STRIPE_SECRET_KEY=sk_test_xxx
NEXT_PUBLIC_STRIPE_PUBLISHABLE_KEY=pk_test_xxx
STRIPE_WEBHOOK_SECRET=whsec_xxx
STRIPE_PRO_MONTHLY_PRICE_ID=price_xxx
STRIPE_PRO_ANNUAL_PRICE_ID=price_xxx
STRIPE_TEAM_MONTHLY_PRICE_ID=price_xxx
| Variable | Description |
|---|
STRIPE_SECRET_KEY | Server-side Stripe secret key. |
NEXT_PUBLIC_STRIPE_PUBLISHABLE_KEY | Client-side Stripe publishable key. |
STRIPE_WEBHOOK_SECRET | Webhook signing secret for /api/webhooks/stripe. |
STRIPE_PRO_MONTHLY_PRICE_ID | Stripe Price ID for the Pro monthly plan. |
STRIPE_PRO_ANNUAL_PRICE_ID | Stripe Price ID for the Pro annual plan. |
STRIPE_TEAM_MONTHLY_PRICE_ID | Stripe Price ID for the Team monthly plan. |
Stripe is optional.

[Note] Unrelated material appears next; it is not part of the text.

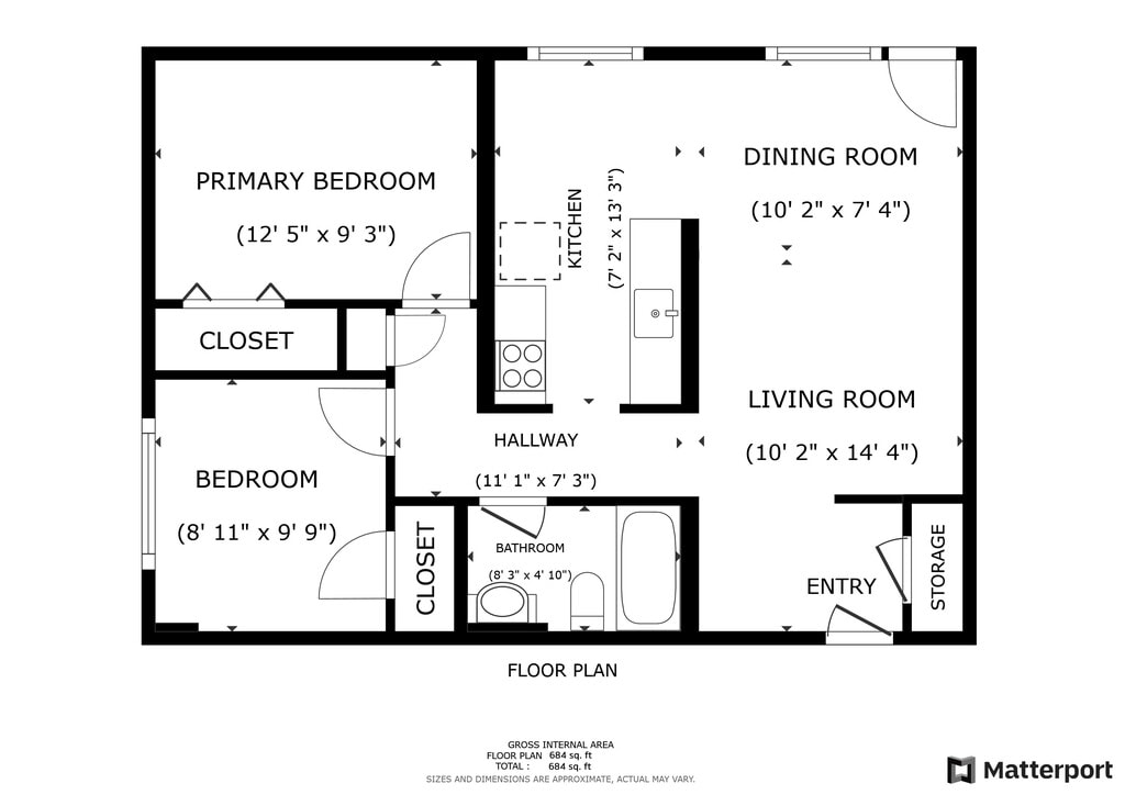 Apartment Model: 2 Bedrooms, 1 Bathroom2 Bedroom, 1 Bath, 5-705 sq ftAvailable NowFloorplansPhotos![]()

If omitted, all users will be treated as free-tier. Subscription upgrades and the billing portal will not be available.
Auth0 Token Vault (connected services)
Required to enable Spotify, Slack, and Google Docs integrations. Auth0 Token Vault securely manages OAuth tokens on behalf of users — Digcrate never stores raw credentials.
AUTH0_DOMAIN=your-tenant.us.auth0.com
AUTH0_CLIENT_ID=your-auth0-client-id
AUTH0_CLIENT_SECRET=your-auth0-client-secret
AUTH0_TOKEN_VAULT_AUDIENCE=https://your-api-audience
AUTH0_CALLBACK_URL=http://localhost:3000/api/auth0/callback
| Variable | Description |
|---|
AUTH0_DOMAIN | Your Auth0 tenant domain (e.g. your-tenant.us.auth0.com). |
AUTH0_CLIENT_ID | Auth0 application client ID. |
AUTH0_CLIENT_SECRET | Auth0 application client secret. |
AUTH0_TOKEN_VAULT_AUDIENCE | The API audience configured in Auth0 for Token Vault. |
AUTH0_CALLBACK_URL | OAuth callback URL. Set to your production domain in production (e.g. https://yourdomain.com/api/auth0/callback). |
Auth0 Token Vault is optional. Without it, connected services (Spotify, Slack, Google Docs) will not be available to users.
Beta domains
BETA_DOMAINS=radiomilwaukee.org
| Variable | Description |
|---|
BETA_DOMAINS | Comma-separated list of email domains. Users signing up with these email domains automatically receive Pro access at no charge. Useful for beta testers, partner organizations, or radio stations. |
This variable is optional.
NEXT_PUBLIC_CANNY_APP_ID=your-canny-app-id
NEXT_PUBLIC_CANNY_URL=https://your-company.canny.io
| Variable | Description |
|---|
NEXT_PUBLIC_CANNY_APP_ID | Canny app ID for the in-app feedback widget. |
NEXT_PUBLIC_CANNY_URL | Your Canny board URL. |
Canny is optional. If omitted, the feedback widget will not appear.